▶ **HOW TO COMPLETE THIS TASK**
In the records below, find the lines that include "gent" and copy each.

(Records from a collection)

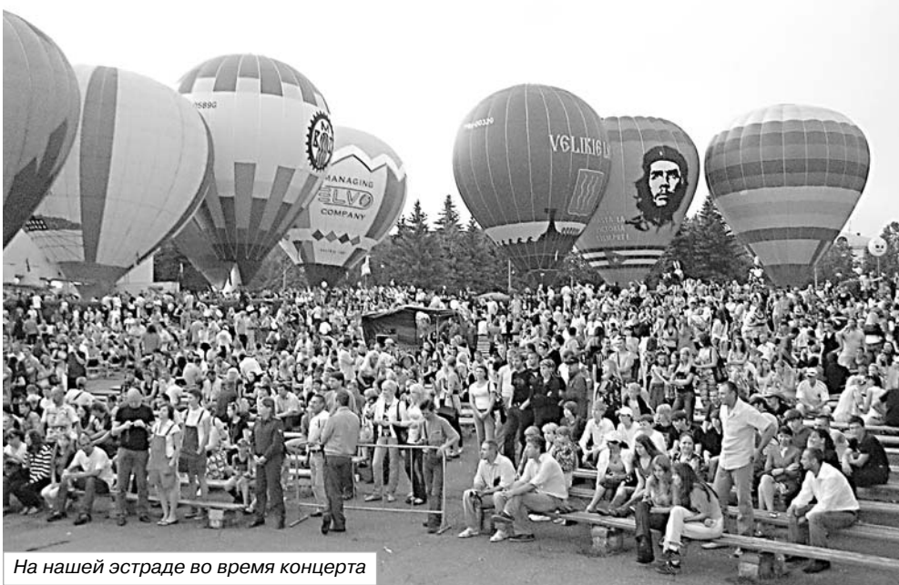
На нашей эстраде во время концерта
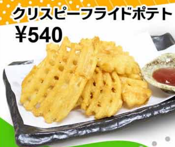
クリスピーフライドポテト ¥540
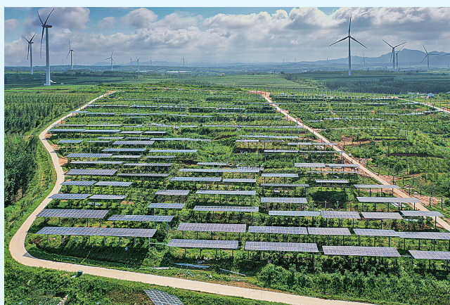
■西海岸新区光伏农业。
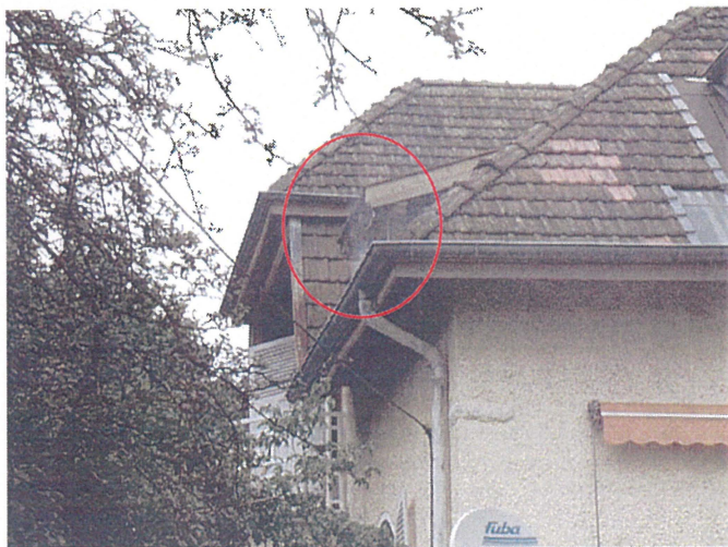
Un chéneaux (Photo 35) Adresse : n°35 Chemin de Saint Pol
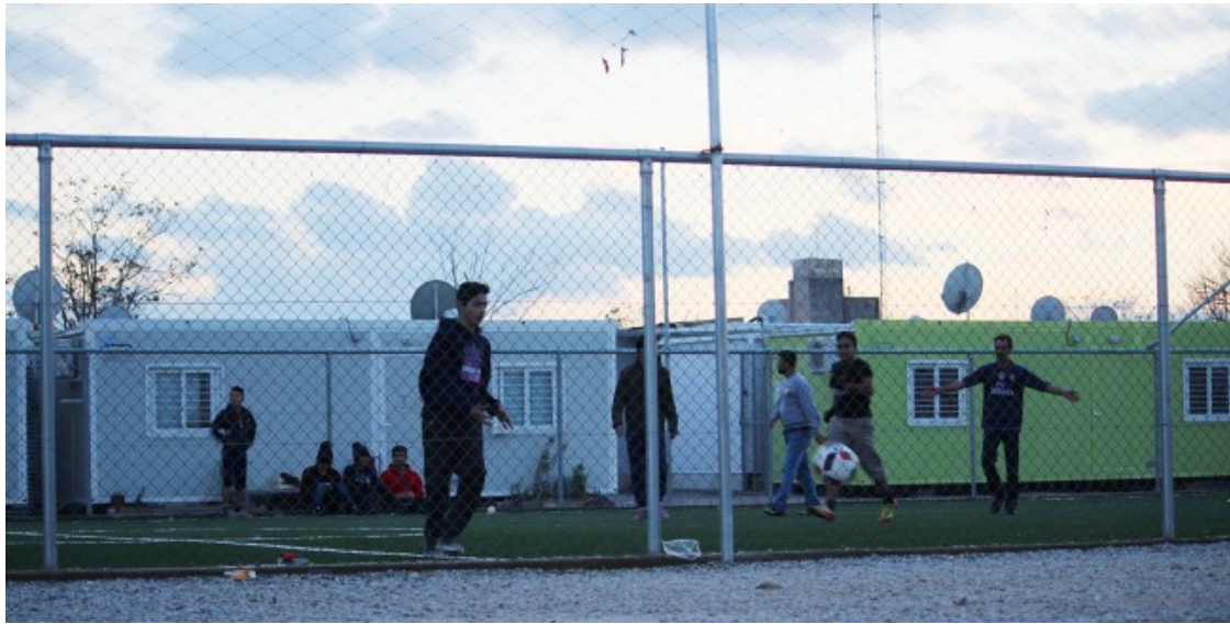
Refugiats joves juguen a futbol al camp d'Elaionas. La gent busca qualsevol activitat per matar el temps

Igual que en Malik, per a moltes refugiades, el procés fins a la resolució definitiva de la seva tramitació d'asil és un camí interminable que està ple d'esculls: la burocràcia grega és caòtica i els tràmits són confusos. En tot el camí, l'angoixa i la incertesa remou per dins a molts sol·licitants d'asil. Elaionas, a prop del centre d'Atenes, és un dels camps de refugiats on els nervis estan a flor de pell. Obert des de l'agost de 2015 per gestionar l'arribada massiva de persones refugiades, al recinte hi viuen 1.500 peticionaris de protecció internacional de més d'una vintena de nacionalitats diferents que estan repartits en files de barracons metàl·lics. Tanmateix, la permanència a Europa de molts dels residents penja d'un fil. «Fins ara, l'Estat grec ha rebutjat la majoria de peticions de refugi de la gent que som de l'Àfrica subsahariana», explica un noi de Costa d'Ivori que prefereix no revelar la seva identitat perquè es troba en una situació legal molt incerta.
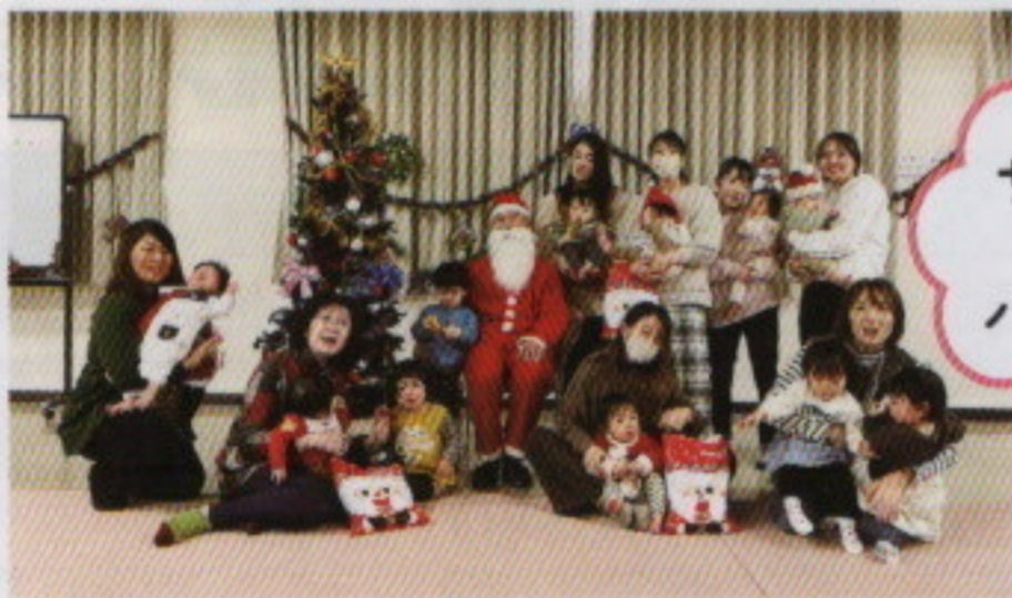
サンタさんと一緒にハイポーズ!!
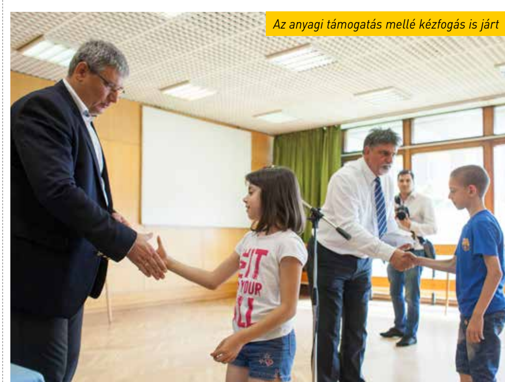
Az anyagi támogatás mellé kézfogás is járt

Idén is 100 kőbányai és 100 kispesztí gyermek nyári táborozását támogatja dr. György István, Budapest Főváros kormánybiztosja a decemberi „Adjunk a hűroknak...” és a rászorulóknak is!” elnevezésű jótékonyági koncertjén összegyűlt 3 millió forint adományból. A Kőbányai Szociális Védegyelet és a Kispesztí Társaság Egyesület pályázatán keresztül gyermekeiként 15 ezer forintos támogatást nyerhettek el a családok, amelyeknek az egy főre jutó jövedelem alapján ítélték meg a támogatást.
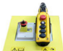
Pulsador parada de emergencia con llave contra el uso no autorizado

▶ **ANSWER TO THE PROBLEM**
Refugiats joves juguen a futbol al camp d'Elaionas. La gent busca qualsevol activitat per matar el temps
Igual que en Malik, per a moltes refugiades, el procés fins a la resolució definitiva de la seva tramitació d'asil és un camí interminable que està ple d'esculls: la burocràcia grega és caòtica i els tràmits són confusos. En tot el camí, l'angoixa i la incertesa remou per dins a molts sol·licitants d'asil. Elaionas, a prop del centre d'Atenes, és un dels camps de refugiats on els nervis estan a flor de pell. Obert des de l'agost de 2015 per gestionar l'arribada massiva de persones refugiades, al recinte hi viuen 1.500 peticionaris de protecció internacional de més d'una vintena de nacionalitats diferents que estan repartits en files de barracons metàl·lics. Tanmateix, la permanència a Europa de molts dels residents penja d'un fil. «Fins ara, l'Estat grec ha rebutjat la majoria de peticions de refugi de la gent que som de l'Àfrica subsahariana», explica un noi de Costa d'Ivori que prefereix no revelar la seva identitat perquè es troba en una situació legal molt incerta.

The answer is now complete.